China - Awful way of treating people, illusion of democracy, but at least they reign in huge companies.
US - Democracy but companies wield huge power. Doesn't seem to care about people's health much.
Many European countries - Huge focus on caring about public healthcare, companies under control but innovation stifled a lot of times
Same goes for basically every country, and it's important to be able to see the good and bad at the same time, to have a bit perspective. No country is 100% good, nor is any country 100% bad.
You make a good point, that is which institution has more legitimacy inside a de facto authoritarian state? The state itself and its authoritarian leaders? Or a private corporation that got so big as to "submerge" the state? (for the latter case think Samsung and South Korea, if South Korea had kept its 1970s-1980s state-policies).

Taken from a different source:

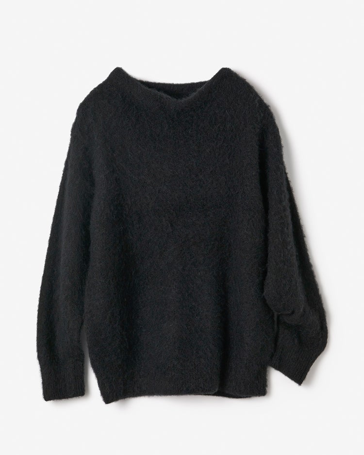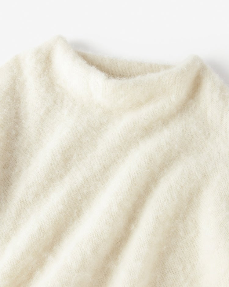 19.5マイクロンという極細毛だけを厳選した最高級ロイヤルアルパカを、女らしさ際立つシャギー仕立てのふわふわニットに仕上げました。ゆったりした身頃、首もとを綺麗に魅せるファネルネックで、こなれた女らしさを実現。

No, let's all celebrate market competition, the most critical part of a functioning economy. Chinese companies aren't competitive due to CCP or authoritarian regime, but they're competitive because they're the underdogs on western markets and can't just curbstomp the competition with lawyers and DRM like US corporations can in their markets.

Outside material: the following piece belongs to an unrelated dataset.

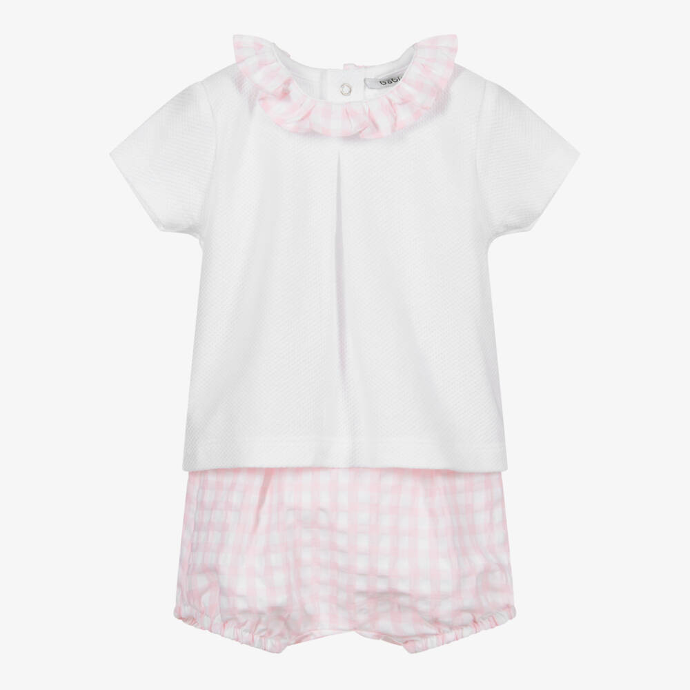 Baby girls pink and white cotton shorts set by Babidu. Soft and lightweight, the white piqué cotton top has a pink check ruffle collar and back popper fastening. The matching checked shorts have an elasticated waist and leg holes.

So they're forced to compete on price, quality and features (to some extent - it's not like they're not getting daddy Xis helping hand). Just like companies in other healthy capitalist markets which haven't completely broke due to consolidation.
PRC "progress" was a form of control. CCP basically handed everyone "rings of power" to rule over them. All their wealth is meant to be kept inside because that's control of the nation. Imagine if they didn't have currency controls, every rich person there would dump the Yuan for other currencies and overseas real estate. Meanwhile, all the inflated properties in the PRC will drop significantly. Unrest or instability is not good for CCP.

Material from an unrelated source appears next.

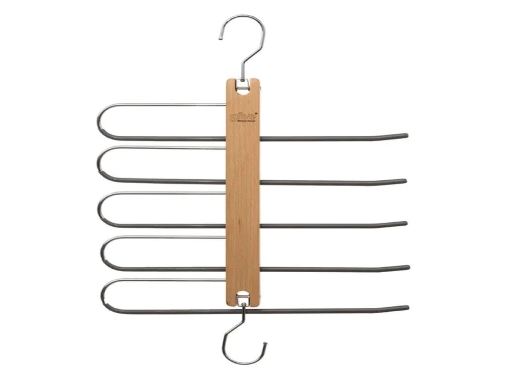 Kombinacija drveta i metala obezbeđuje čvrstoću i stabilnost, dok moderan dizajn omogućava lako uklapanje u različite stilove enterijera. Svaka šipka omogućava sigurno kačenje pantalona bez gužvanja i klizanja, čime se čuva njihov oblik.

Which is all besides the point - the point is: you need market competition for capitalism to work. As soon as competition is broken, your economy starts stagnating and other incumbents start eating away at it.
> Chinese companies aren't competitive due to CCP or authoritarian regime, but they're competitive because they're the underdogs on western markets
China has been accused multiple times of assisting their companies with absurd amounts of government subsidies (leading to at least Europe and the US enacting counter tariffs), as well as using government and private industrial espionage and hacking campaigns to clone Western products.
Taking off my US citizen hat for a moment, this is a valid critique. Free trade, unencumbered by government subsidies, is mostly an illusion. The global system of government is anarchy, and the powerful nations hold the weaker nations to strict rules while they quietly seize any and all advantages.